Generate embeddings for multiple texts

Parameters:

texts (List[str])

Return type:

List[List[float]]

abstractmethod get_vector_size()[source]

Get the dimension of the embedding vectors

Return type:

int

estimate_tokens(text)[source]

Return a provider-native token count when available.

Parameters:

text (str)

Return type:

int | None

get_max_input_tokens()[source]

Return the provider-native max input length when known.

Return type:

int | None

class lalandre_embedding.base.SupportsCacheSize[source]

Bases: ABC

Protocol-like mixin for providers exposing cache occupancy.

abstractmethod get_cache_size()[source]

Return the current number of cached embeddings.

Return type:

int

class lalandre_embedding.base.SupportsNumKeys[source]

Bases: ABC

Protocol-like mixin for providers exposing API-key fan-out.

abstractmethod get_num_keys()[source]

Return the number of configured upstream API keys.

Return type:

int

lalandre_embedding.pipeline

Source: packages/lalandre_embedding/lalandre_embedding/pipeline.py

Reusable business logic for vector embedding.

Contains payload construction, batched embedding, mean-pooling, and incremental state tracking. The worker imports this module and delegates the heavy lifting here.

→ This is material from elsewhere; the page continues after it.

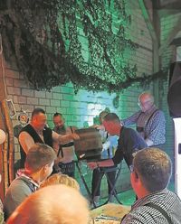 Im Anschluss übernahm DJörg die Musikbegleitung und es wurde kräftig getanzt. Den traditionellen Fassanstich übernahm in diesem Jahr der Leiter des Elmer Spielmanns- u. Musikzug, er konnte nach dem 4 Schlag verkünden „O´zapft is“. Zur Frage "Wer kann den Maßkrug am längsten stemme?" fand ein spaßiger Wettkampf teil, an dem nicht nur starke Männer teilnahmen.
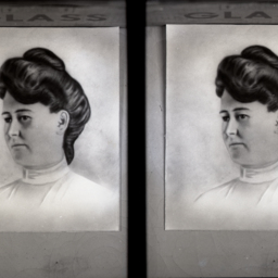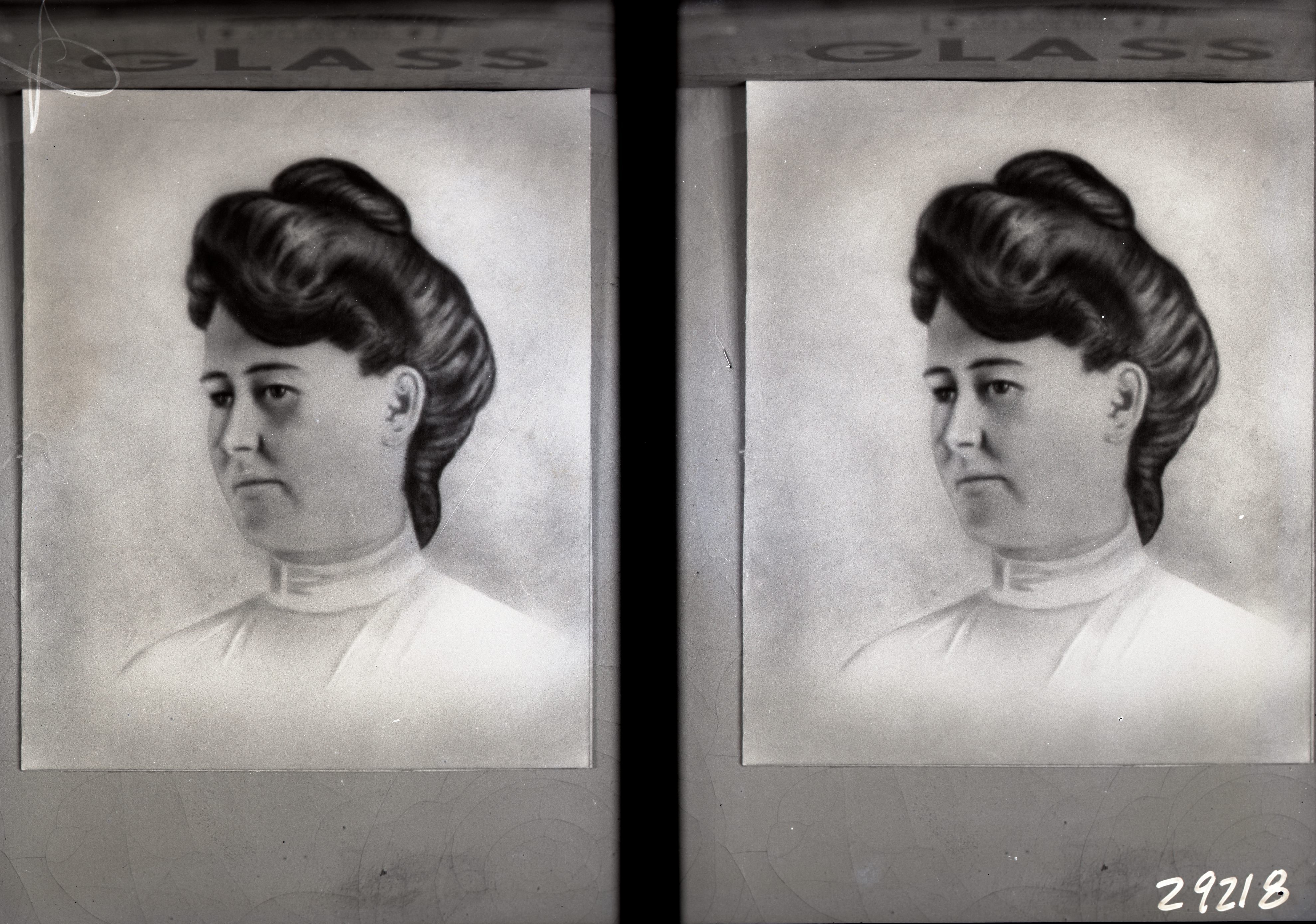 Photo of two separate drawings of the same unidentified woman with her hair pulled up into a bun.

class lalandre_embedding.pipeline.ChunkEmbeddingService(*args, **kwargs)[source]

Bases: Protocol

Embedding interface required by the chunk embedding pipeline.

embed_batch(texts, batch_size=None)[source]

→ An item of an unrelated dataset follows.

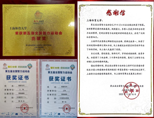 11月4日,第五届全国智力运动会在安徽合肥落下帷幕,上海市代表团获得13枚金牌、9枚银牌、9枚铜牌,蝉联智力运动会金牌总数和奖牌总数第一名,取得运动运动成绩和精神文明双丰收。我院学子陈邵马可与队友(继续教育学院张悠、竞技运动学院宇诗琪)一同代表上海出战本届智力运动会,经过顽强拼搏和奋勇争先,最终以一枚团体金牌,个人第四名的优异成绩,为上海代表团和学校增添了荣誉。
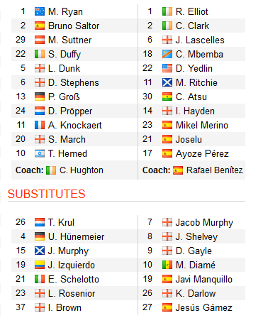Đây là điều dễ hiểu khi nhà đầu tư vẫn tin tưởng nhiều hơn vào đội quân của HLV Benitez nhờ kinh nghiệm và đội hình chất lượng hơn khá nhiều đội chủ nhà. Bởi đội hình của Brighton phần lớn là các cầu thủ mới lần được được tham dự giải Ngoại hạng Anh và thực tế họ chưa có nhiều dấu ấn kể từ đầu mùa. Nhất là các trận gặp các đối thủ được coi là vừa sức.

Embed a batch of texts and preserve input ordering.

Parameters:
  • texts (list[str])

  • batch_size (int | None)

Return type:

list[list[float]]

estimate_tokens(text)[source]

Estimate the token count for one input text when supported.

Parameters:

text (str)

Return type:

int | None

lalandre_embedding.pipeline.compute_payload_hash(payload)[source]

Stable hash of payload to detect changes across runs.

Parameters:

payload (dict[str, Any])

Return type:

str

lalandre_embedding.pipeline.mean_pool_vectors(vectors)[source]

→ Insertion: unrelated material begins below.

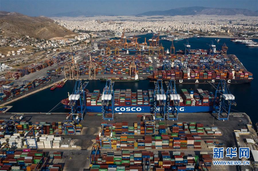 这是9月6日航拍的停靠在希腊比雷埃夫斯港集装箱码头的中远海运银河轮。 当日,来自意大利的进博会参展货物经希腊比雷埃夫斯港装船发往上海。 新华社发(莱夫特里斯·帕察里斯 摄)

Return the element-wise mean of vectors, or None if empty.

Parameters:

vectors (list[list[float]])

Return type:

list[float] | None

lalandre_embedding.pipeline.truncate_subdivision_content(content, max_chars)[source]

Truncate content for embedding if it exceeds max_chars.

Parameters:
  • content (str)

  • max_chars (int)

Return type:

str

lalandre_embedding.pipeline.resolved_subdivision_embed_max_chars(config)[source]

Compute the max embedding chars from a LalandreConfig.

Parameters:

config (Any)

Return type:

int

lalandre_embedding.pipeline.make_state_record(*, object_type, object_id, provider, model_name, vector_size, content_hash)[source]

Build one embedding-state upsert record.

Parameters:
  • object_type (str)

  • object_id (int)

  • provider (str)

  • model_name (str)

  • vector_size (int)

  • content_hash (str)

Return type:

dict[str, Any]

lalandre_embedding.pipeline.extract_metadata(act)[source]

Extract metadata entries from an ORM act, or None.

Parameters:

act (Any)

Return type:

dict[str, str] | None

lalandre_embedding.pipeline.build_subdivision_payload(payload_builder, subdivision, act, version, metadata, content_override=None)[source]

Assemble the Qdrant payload dict from ORM models for a subdivision.

Parameters:
  • payload_builder (PayloadBuilder)

  • subdivision (Any)

  • act (Any)

  • version (Any | None)

  • metadata (dict[str, str] | None)

  • content_override (str | None)

Return type:

dict[str, Any]

lalandre_embedding.pipeline.build_chunk_payload(payload_builder, chunk, subdivision, act)[source]

Assemble the Qdrant payload dict from ORM models for a chunk.

Parameters:
  • payload_builder (PayloadBuilder)

  • chunk (Any)

  • subdivision (Any)

  • act (Any)

Return type:

dict[str, Any]

lalandre_embedding.pipeline.build_act_document_payload(payload_builder, act, subdivisions, *, vector_method, chunk_count)[source]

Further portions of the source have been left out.